Opzettelijk aanwezig hebben verdovende middelen (feiten 2 en 4)
Na onderzoek door het NFI is gebleken dat er bij de doorzoeking van de woning van verdachte op 27 november 2023 84,74 gram cocaïne, 932 gram hennep en 163 gram hasj is aangetroffen. In het algemeen geldt als uitgangspunt dat een bewoner van een woning weet welke goederen er in zijn woning aanwezig zijn en dat hij daarover dan ook de beschikking heeft. Er zijn geen omstandigheden gebleken waaruit blijkt dat dit in dit geval anders zou zijn. De grote hoeveelheden verdovende middelen zijn aangetroffen op toegankelijke plekken in de woning, waaronder de slaapkamer van verdachte. Daarnaast kwam verdachte elke dag in de woning. Onder deze omstandigheden kan het niet anders dan dat verdachte wetenschap heeft gehad van de aanwezigheid van de verdovende middelen in de woning en hierover ook kon beschikken.
De rechtbank acht de onder 2 en 4 ten laste gelegde feiten wettig en overtuigend bewezen, behoudens de onder feit 2 genoemde 444,8 gram cocaïne, aangezien de bovengenoemde redenering niet geldt ten aanzien van de cocaïne die is aangetroffen in de woning van de medeverdachte. Nu de rechtbank hiervoor heeft geoordeeld dat er geen sprake is van medeplegen en ook niet blijkt van wetenschap of beschikkingsmacht bij verdachte ten aanzien van deze in de woning van de medeverdachte aangetroffen cocaïne, wordt de verdachte hiervan vrijgesproken.

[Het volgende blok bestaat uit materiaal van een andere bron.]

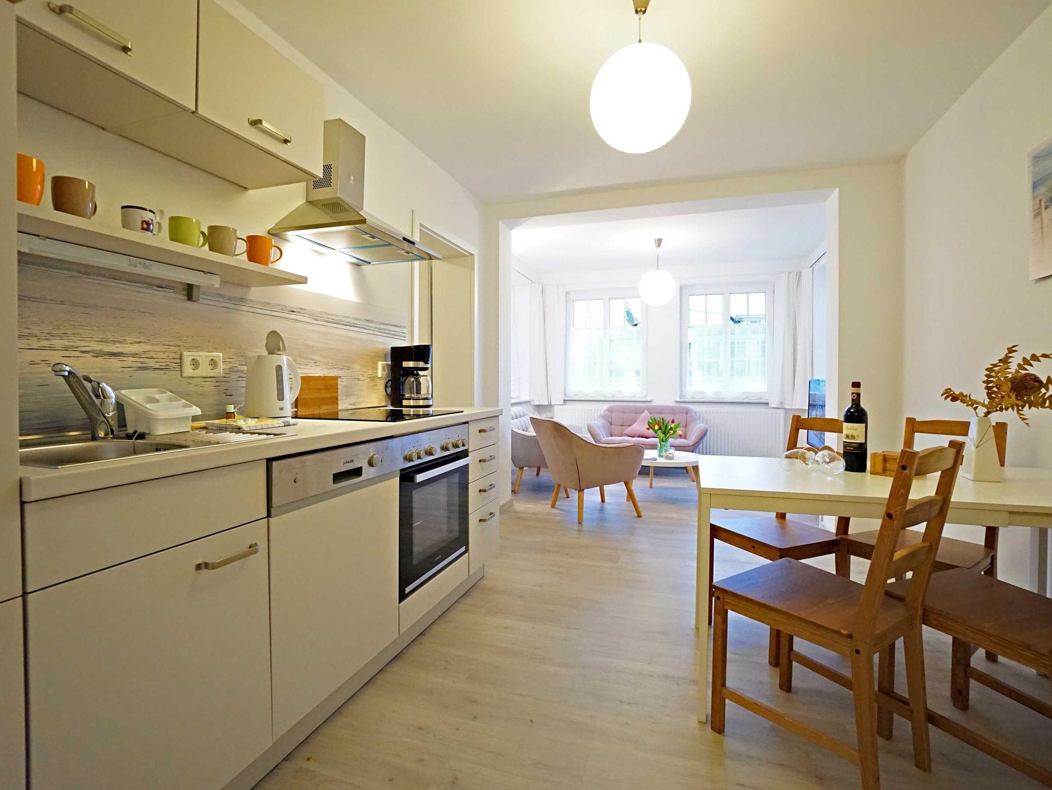 an der Dünenstraße, um den Charme der Kaiserbäder eindrucksvoll und unverfälscht widerzuspiegeln. Das historische Ambiente bietet beste Voraussetzungen für einen gelungenen Urlaub. Die Wohnungen sind modern und komfortabel eingerichtet und verfügen jeweils über 2 Schlafzimmer, Diele, Bad,Wohnzimmer mit Küchenzeile.

Handel in cocaïne en hennep (feiten 1 en 3)
Gelet op de hiervoor vastgestelde feiten is de rechtbank van oordeel dat bewezen kan worden verklaard dat verdachte tevens heeft gehandeld in cocaïne en hennep. Tijdens de observaties zijn door de verbalisanten dealeractiviteiten waargenomen. Gezien is dat verdachte in zijn auto rondrijdt, telkens kort op een plek stopt en vervolgens met iemand contact maakt dan wel dat iemand bij hem instapt. Dit contact duurt telkens kort, waarna verdachte weer verder rijdt. Ook is verdachte meerdere malen staande gehouden door de politie waarbij er hennep verpakt in meerdere ponypacks bij hem is aangetroffen. Ook heeft de politie op 10 november 2023 twee kopers staande gehouden en gehoord. Deze kopers hebben verklaard cocaïne respectievelijk hennep bij verdachte te hebben gekocht. Bovendien blijkt uit de berichten die zijn aangetroffen op de Nokia dat verdachte handelt in verdovende middelen. Anders dan de verdediging is de rechtbank van oordeel dat bewezen kan worden dat deze telefoon aan verdachte toebehoort. De telefoon is immers op het bureau in zijn slaapkamer aangetroffen. De verbalisanten hebben een foto gemaakt van de situatie toen zij het bureau aantroffen. Naar het oordeel van de rechtbank is gezien de hiervoor genoemde bewijsmiddelen sprake van handel in verdovende middelen.
De rechtbank acht ook de onder 1 en 3 ten laste gelegde feiten wettig en overtuigend bewezen.
02-186258-25
Handel in cocaïne
Op 9 januari 2025 zien de verbalisanten dat een personenauto BMW met kenteken [kenteken 2] kort contact maakt met een persoon op het [adres 4] in [plaats] . De bestuurder van de personenauto bleek later de verdachte te zijn. De persoon waarmee verdachte contact had is gehoord en heeft verklaard cocaïne te hebben gekocht van verdachte. Na onderzoek door het NFI bleek het ook daadwerkelijk cocaïne te zijn.
Gelet op de voornoemde bewijsmiddelen acht de rechtbank het feit wettig en overtuigend bewezen. De verdediging heeft hiertegen ook geen verweer gevoerd.